🤖 AI Summary
This work addresses the limitation of existing preference alignment methods, which typically assume homogeneous preference strength and thus fail to capture the heterogeneity arising from individual and contextual differences in real-world scenarios. To overcome this, we propose MixDPO, the first approach to integrate the mixed logit model from behavioral economics into language model alignment. By extending Direct Preference Optimization, MixDPO explicitly models the distributional variation of preference strength. Grounded in discrete choice theory and deep learning, our method learns the parameters of preference strength distributions directly from preference data, enabling the alignment objective to distinguish between strong and weak preferences. Experiments across three datasets and two open-source models demonstrate that MixDPO improves average alignment performance by 11.2 points on Pythia-2.8B, with particularly pronounced gains in high-heterogeneity settings, while effectively preserving subgroup-specific preferences.
📝 Abstract
Preference based alignment objectives implicitly assume that all human preferences are expressed with equal strength. In practice, however, preference strength varies across individuals and contexts -- a phenomenon established in behavioral economics and discrete choice theory. This mismatch limits the ability of existing objectives to faithfully capture heterogeneous human judgments.
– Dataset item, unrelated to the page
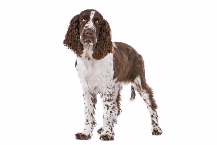 El perro springer spaniel inglés es una raza cuyo origen se remonta hace varios siglos atrás y que ha permanecido casi invariable. Es muy extrovertido y social, de contextura robusta y con un carácter muy dócil, por lo que es un excelente compañero. Por su naturaleza, es extremadamente ágil, atento e inteligente. Sus largas orejas con el pelo rizado son una de las características más notables y que lo hace muy similar al cocker spaniel inglés, con el cual comparte antepasados.

Inspired by this literature, we introduce Mixed Logit Direct Preference Optimization (MixDPO), a generalization of Direct Preference Optimization that models variation in preference strength. MixDPO enables alignment objectives to capture heterogeneity in how strongly preferences are expressed across training examples. We evaluate MixDPO on three preference datasets using two open-weight language models. Across datasets, MixDPO improves aggregate alignment performance (+11.2 points on Pythia-2.8B) while preserving subgroup level preferences, with the largest gains appearing in settings with higher inferred preference heterogeneity. MixDPO makes preference heterogeneity explicit through learned strength distributions. We release our code for reproducibility.